Jumping online was not straightforward for a festival in which some of the performers (including the nonbinary drag troupe the Darlings) have recently come up against censorship on streaming channels like Facebook.
“We’re always flagged right away, because queer is right in our name,” Holman says.
Instead, the fest has taken the huge leap of building its own streaming platform from its website (as well as broadcasting via traditional channels like Facebook). Programming like The Darlings, Uncensored and Too Spirited, by the Indigenous burlesquers of Virago Nation, will hit the airwaves.
So will Vancouver’s Vision Impure dance legend Noam Gagnon, with a retooled version at his gender-playing This Crazy Show (July 25 and 26)—a solo that the Holy Body Tattoo member has said will be his “swan song”.
Originally intended to be performed live, the audacious, identity-shifting work now converts to video, complete with its wild, flailing platinum wig and high heels. Holman says the show plays well into QAF’s “Wicked” theme this year, a topic that pushes back against the mainstreaming of LGBTQ existence and homonormativity as both erasure and commodification.
“Queers have reached this place where it’s okay if it’s palatable,” Holman explains. “ ‘Wicked’ is all about that: when we get this acceptance, who is accepting us? And what is it contingent upon?”
Holman, a photographer, felt strongly the fest should have some tactile elements as well. Enter art installations everywhere from bus shelters to community arts screens, as well as an artful zine program guide that will go out to festivalgoers.
On opening night (next Thursday [July 16] from 5 to 7 p.m.), visual-arts curator Jonny Sopotiuk will head up an artists’ discussion and virtual tour of an art exhibit that will live on QAF’s digital hub for the run of the festival. He’ll be joined by participating local artists Tom Hsu and Tajliya Jamal and New York City forces Avram Finkelstein and Elektra KB.

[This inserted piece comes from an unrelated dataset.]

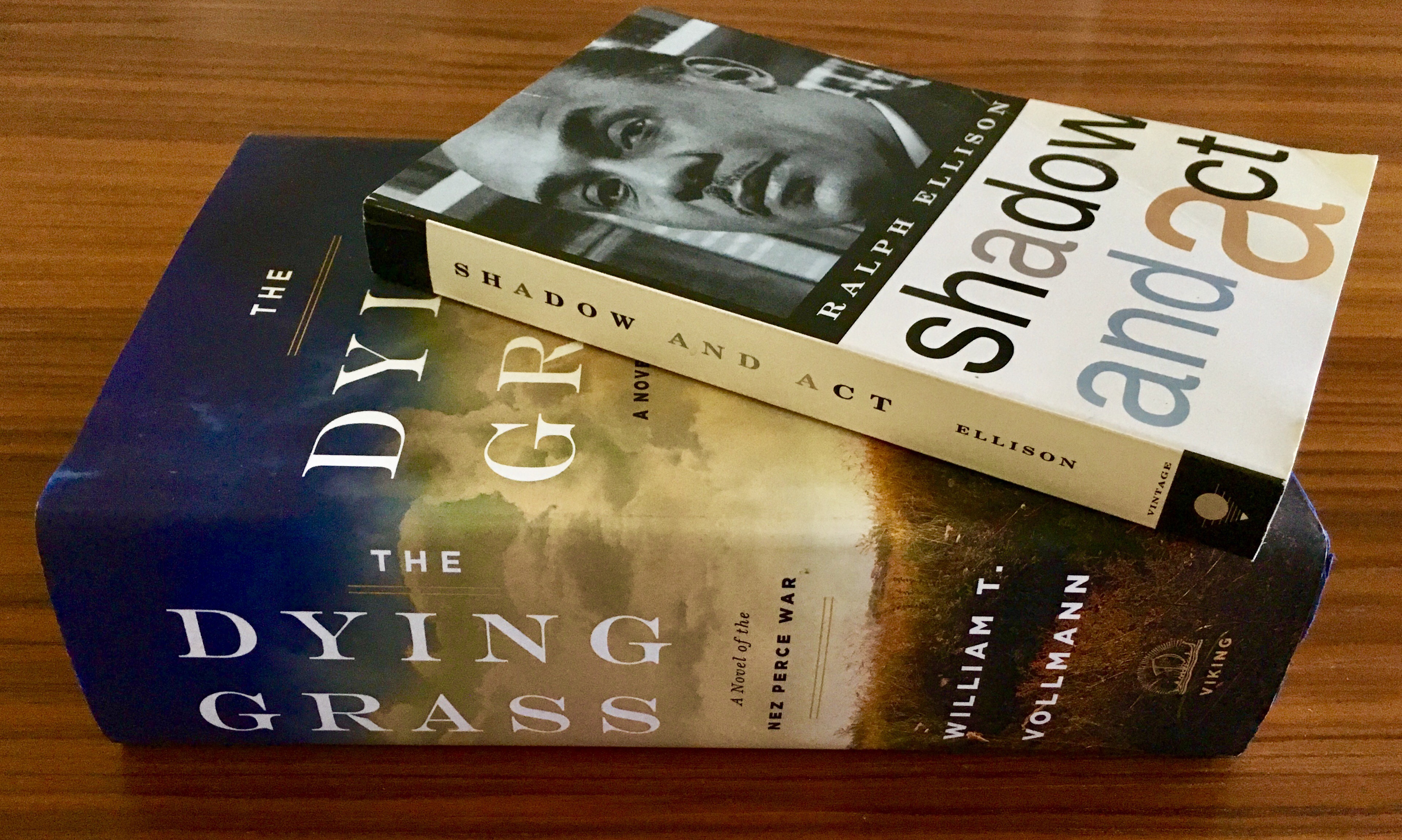 I tried William Vollmann’s The Dying Grass a few times last year, both as an audiobook and as an ebook, but it got the best of me. Spotted it at my favorite used book store for a measly twelve bucks, so. Like, we’ll see—although it’s much, much more accessible in print than on screen—the form, the lines on the page—they makes more sense, evoke Whitman more than the ebook or the audio. I also picked up Ralph Ellison’s collection Shadow and Act somewhat randomly—just started reading it and got carried away. Great stuff.
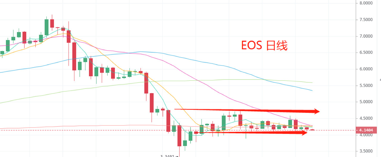 EOS:走势较弱,目前是日线上的横盘走势,要担心后续是否有破位下行的可能。短期压力位4.28,短期支撑位4.05。

Colombian-born Brooklynite Elektra KB brings their interactive “stateless, genderless passports” to the fest, converting its usual gallery installation “checkpoint” to a digital rendition.
Sopotiuk tells the Straight that people can go online and remove associations with any nation states and the art, i.e. the physical ‘passports’, will be mailed to them. “This is a physical object that requires people to truly engage with our own complicity within these systems, and bringing this checkpoint online is really starting to tease out where is public space and how are systems of oppression taking place there now, especially online.”

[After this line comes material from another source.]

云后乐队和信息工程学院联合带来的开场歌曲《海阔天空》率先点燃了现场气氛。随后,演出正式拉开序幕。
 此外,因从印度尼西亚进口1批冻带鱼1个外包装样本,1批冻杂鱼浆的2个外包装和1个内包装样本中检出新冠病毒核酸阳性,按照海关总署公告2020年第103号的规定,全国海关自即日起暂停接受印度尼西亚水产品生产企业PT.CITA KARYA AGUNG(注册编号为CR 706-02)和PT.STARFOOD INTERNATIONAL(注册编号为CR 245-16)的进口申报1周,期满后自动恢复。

Sopotiuk is equally excited about Finkelstein’s piece in the exhibit, a drawing he was working on when Sopotiuk went on a scouting trip to New York and met with him.
“He had had a stroke and was learning how to draw again,” he recalls of the renowned artist and AIDS activist who was a founding member of the Silence=Death and Gran Fury collectives, and who has work in the permanent collections of MoMA and the Whitney. “It’s a huge wall-sized piece, and Avram was in tears when he made it because he was in so much pain. Avram has been defined by his work with collectives, and to see him return to his personal art practice is so important on an individual and community level. I love that piece—it’s one of my favourite pieces ever.”

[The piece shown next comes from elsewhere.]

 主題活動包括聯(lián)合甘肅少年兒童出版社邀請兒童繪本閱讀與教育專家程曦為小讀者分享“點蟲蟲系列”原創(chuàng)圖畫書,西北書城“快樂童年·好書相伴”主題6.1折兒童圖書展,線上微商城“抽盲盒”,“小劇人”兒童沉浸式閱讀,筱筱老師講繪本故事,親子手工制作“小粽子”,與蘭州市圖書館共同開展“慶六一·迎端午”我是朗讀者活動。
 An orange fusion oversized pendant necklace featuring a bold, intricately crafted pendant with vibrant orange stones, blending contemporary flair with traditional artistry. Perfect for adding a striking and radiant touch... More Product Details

Finkelstein is also convening one of his “Flash Collectives” here—political interventions in public places he’s overseen around the world. For this COVID-ready rendition, he’s been bringing together his first-ever digital collective of nine local artists, meeting online; Sopotiuk hints the final work will take the form of an animation that aims to “recode the word queer”.
For the opening art party, Sopotiuk looks forward to talking more about their works and connecting QAF artists and audiences despite the enforced isolation of the pandemic. “I’m excited to be able to have a conversation with the four artists and talk about the world we’re living in,” he says, “We’ll look at work, talk about work, and really share those intimate pieces about their practice.”